### Required action
Please return exactly the lines from the top of the data through the line that contains "首先,张颖旭老师以习近平总书", and skip all pictures.

(Stored items from a collection)
--- START ---

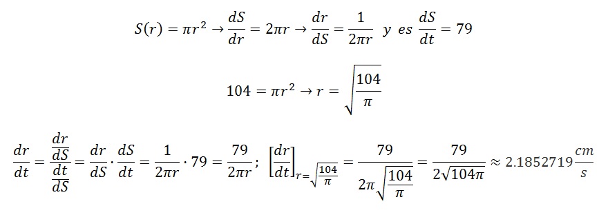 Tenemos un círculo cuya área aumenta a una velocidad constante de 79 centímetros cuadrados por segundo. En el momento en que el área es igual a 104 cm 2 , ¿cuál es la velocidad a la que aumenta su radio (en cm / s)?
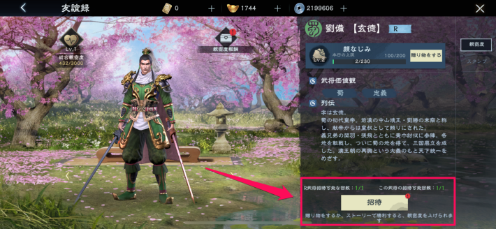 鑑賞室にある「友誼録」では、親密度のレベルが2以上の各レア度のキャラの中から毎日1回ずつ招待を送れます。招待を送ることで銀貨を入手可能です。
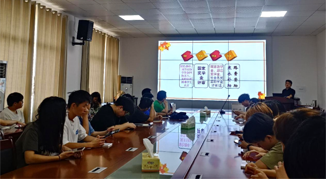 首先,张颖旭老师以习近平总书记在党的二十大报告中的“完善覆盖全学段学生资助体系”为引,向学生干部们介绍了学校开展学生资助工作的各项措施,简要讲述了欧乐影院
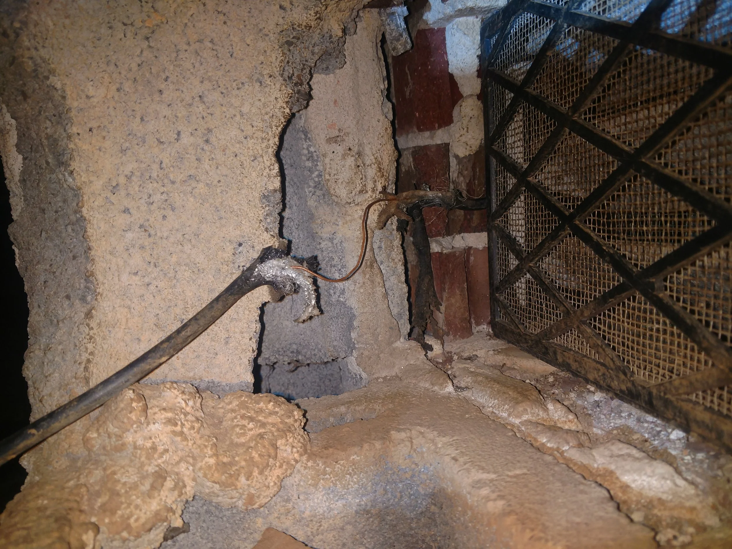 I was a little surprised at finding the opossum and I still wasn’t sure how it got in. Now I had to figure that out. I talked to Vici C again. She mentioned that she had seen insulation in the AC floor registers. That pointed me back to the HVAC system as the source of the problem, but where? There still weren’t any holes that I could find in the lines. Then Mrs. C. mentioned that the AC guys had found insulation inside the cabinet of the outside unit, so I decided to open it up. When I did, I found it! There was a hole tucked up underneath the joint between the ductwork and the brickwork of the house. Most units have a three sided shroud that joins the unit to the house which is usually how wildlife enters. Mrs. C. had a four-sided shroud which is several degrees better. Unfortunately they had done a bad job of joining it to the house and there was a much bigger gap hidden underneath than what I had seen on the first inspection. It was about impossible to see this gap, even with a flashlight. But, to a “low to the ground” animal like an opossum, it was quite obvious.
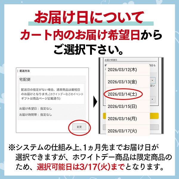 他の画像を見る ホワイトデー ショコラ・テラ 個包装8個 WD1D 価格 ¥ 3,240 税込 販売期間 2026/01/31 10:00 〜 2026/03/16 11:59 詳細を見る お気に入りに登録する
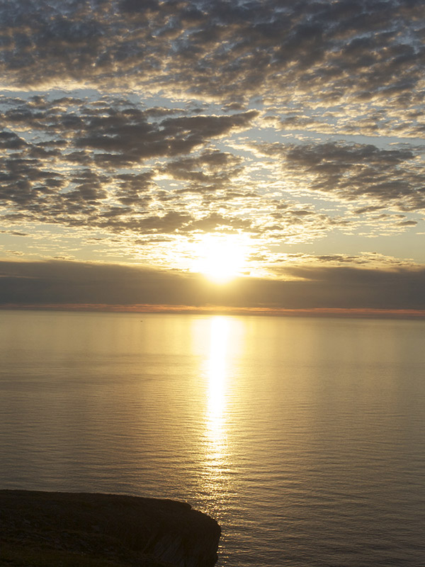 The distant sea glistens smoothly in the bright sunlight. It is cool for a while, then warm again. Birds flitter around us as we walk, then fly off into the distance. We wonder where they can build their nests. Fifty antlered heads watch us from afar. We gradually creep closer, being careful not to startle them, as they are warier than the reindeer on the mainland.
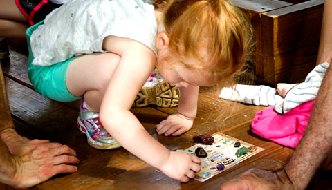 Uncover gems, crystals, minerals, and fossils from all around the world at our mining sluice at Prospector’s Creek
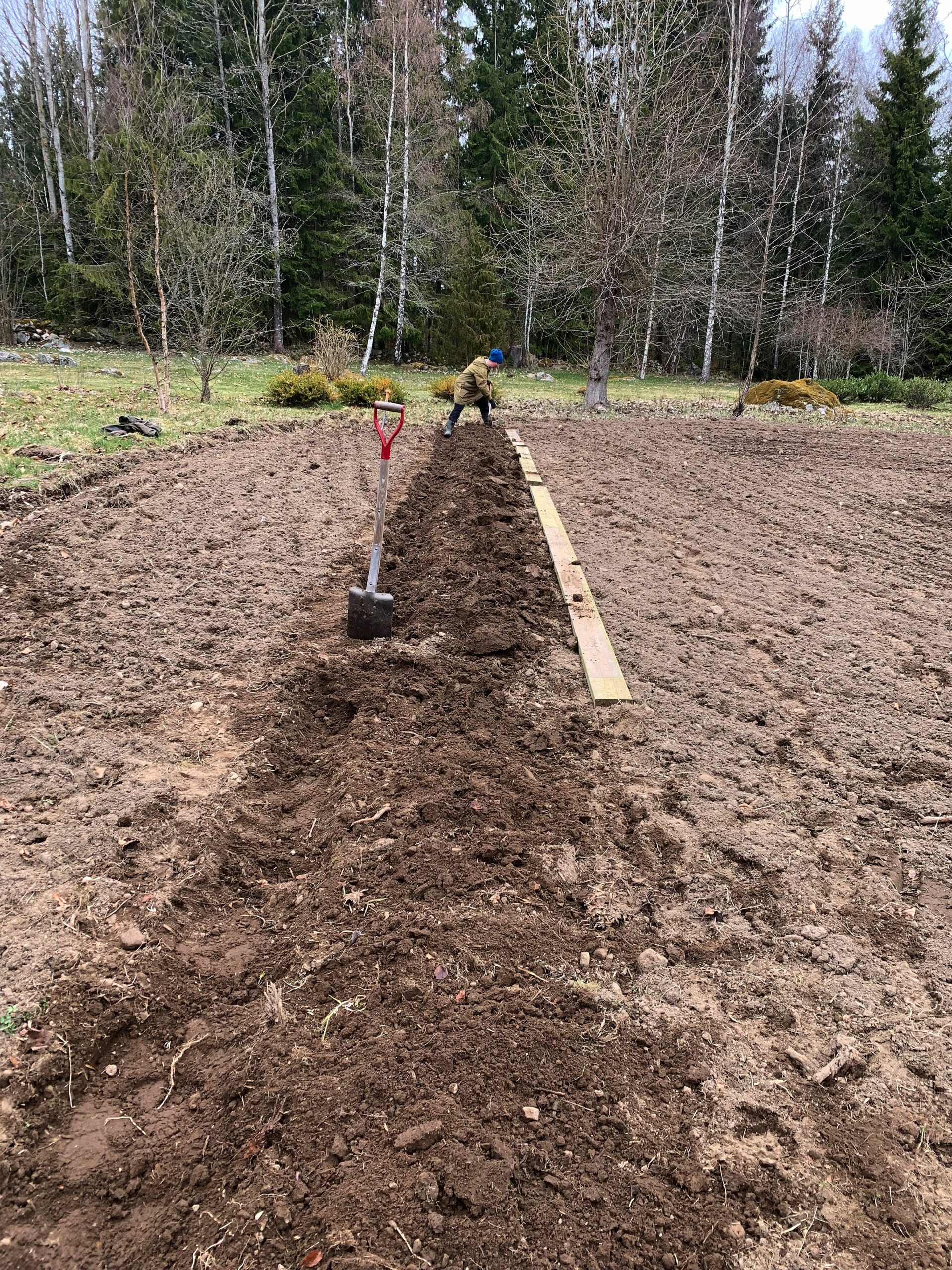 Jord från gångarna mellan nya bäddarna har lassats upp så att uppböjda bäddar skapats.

--- END ---

### Answer section
 Tenemos un círculo cuya área aumenta a una velocidad constante de 79 centímetros cuadrados por segundo. En el momento en que el área es igual a 104 cm 2 , ¿cuál es la velocidad a la que aumenta su radio (en cm / s)?
 鑑賞室にある「友誼録」では、親密度のレベルが2以上の各レア度のキャラの中から毎日1回ずつ招待を送れます。招待を送ることで銀貨を入手可能です。
 首先,张颖旭老师以习近平总书记在党的二十大报告中的“完善覆盖全学段学生资助体系”为引,向学生干部们介绍了学校开展学生资助工作的各项措施,简要讲述了欧乐影院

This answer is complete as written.